Magic wavelengths for the np-ns transitions in alkali-metal atoms

TL;DR

This paper calculates magic wavelengths for alkali-metal atoms using advanced relativistic methods to identify wavelengths where atomic levels experience identical ac Stark shifts, aiding optical trapping.

Contribution

It introduces high-precision calculations of magic wavelengths for alkali-metal atoms using a relativistic all-order method for electric-dipole matrix elements.

Findings

Identified magic wavelengths for alkali-metal atoms.

Provided high-accuracy electric-dipole matrix elements.
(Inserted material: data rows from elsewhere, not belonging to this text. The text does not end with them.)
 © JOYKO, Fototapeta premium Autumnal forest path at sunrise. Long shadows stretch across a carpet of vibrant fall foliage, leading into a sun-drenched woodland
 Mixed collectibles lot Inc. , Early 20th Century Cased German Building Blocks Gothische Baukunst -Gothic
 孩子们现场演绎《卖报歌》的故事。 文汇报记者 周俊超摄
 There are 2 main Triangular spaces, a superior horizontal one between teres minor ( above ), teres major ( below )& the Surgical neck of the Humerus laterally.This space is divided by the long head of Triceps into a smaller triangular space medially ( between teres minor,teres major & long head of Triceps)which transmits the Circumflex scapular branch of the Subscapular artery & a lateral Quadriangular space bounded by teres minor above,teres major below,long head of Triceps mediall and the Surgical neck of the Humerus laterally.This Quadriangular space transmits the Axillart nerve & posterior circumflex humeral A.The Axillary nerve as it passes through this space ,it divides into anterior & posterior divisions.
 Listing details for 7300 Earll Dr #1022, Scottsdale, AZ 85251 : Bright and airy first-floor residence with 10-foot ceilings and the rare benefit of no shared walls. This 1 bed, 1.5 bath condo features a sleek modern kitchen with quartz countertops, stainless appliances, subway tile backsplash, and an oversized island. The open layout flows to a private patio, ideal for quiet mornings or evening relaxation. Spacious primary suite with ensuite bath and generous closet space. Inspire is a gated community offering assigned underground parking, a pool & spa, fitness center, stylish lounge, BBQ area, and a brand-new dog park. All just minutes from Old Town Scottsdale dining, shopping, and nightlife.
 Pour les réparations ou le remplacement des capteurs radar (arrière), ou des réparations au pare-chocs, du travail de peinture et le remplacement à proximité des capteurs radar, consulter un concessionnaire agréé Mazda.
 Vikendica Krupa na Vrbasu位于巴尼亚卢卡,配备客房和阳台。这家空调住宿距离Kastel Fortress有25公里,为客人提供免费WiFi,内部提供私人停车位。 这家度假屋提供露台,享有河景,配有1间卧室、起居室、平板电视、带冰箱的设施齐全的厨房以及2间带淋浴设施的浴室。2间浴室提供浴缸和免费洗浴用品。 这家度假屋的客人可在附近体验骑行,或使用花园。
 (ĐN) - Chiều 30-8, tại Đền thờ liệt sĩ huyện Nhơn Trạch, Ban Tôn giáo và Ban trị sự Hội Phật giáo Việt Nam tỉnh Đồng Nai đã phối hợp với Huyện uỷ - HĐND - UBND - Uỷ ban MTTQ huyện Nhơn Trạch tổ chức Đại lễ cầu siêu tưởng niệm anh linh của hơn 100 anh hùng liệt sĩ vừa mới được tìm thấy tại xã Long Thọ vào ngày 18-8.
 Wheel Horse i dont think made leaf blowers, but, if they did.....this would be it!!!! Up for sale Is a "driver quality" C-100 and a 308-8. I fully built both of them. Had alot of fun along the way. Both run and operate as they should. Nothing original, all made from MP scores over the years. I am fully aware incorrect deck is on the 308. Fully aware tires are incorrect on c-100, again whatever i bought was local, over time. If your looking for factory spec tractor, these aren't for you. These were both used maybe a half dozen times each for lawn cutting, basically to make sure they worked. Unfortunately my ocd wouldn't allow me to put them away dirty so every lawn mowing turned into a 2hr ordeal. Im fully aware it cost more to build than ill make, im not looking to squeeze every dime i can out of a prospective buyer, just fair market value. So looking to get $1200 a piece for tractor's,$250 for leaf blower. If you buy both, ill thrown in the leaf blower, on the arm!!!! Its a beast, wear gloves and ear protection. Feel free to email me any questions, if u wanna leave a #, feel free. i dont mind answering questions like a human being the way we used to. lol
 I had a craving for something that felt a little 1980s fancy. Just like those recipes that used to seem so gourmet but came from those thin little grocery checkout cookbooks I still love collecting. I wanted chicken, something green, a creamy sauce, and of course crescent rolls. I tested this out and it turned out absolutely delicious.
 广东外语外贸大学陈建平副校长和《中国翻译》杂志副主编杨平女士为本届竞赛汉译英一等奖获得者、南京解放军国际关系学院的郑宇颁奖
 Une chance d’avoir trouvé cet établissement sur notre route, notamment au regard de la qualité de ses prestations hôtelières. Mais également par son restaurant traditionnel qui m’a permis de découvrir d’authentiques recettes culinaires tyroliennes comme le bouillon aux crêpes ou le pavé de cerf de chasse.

Facilitated state-insensitive optical cooling and trapping.

Abstract

Extensive calculations of the electric-dipole matrix elements in alkali-metal atoms are conducted using the relativistic all-order method. This approach is a linearized version of the coupled-cluster method, which sums infinite sets of many-body perturbation theory terms. All allowed transitions between the lowest ns, np_1/2, np_3/2 states and a large number of excited states are considered in these calculations and their accuracy is evaluated. The resulting electric-dipole matrix elements are used for the high-precision calculation of frequency-dependent polarizabilities of the excited states of alkali-metal atoms. We find magic wavelengths in alkali-metal atoms for which the ns and np_1/2 and np_3/2 atomic levels have the same ac Stark shifts, which facilitates state-insensitive optical cooling and trapping.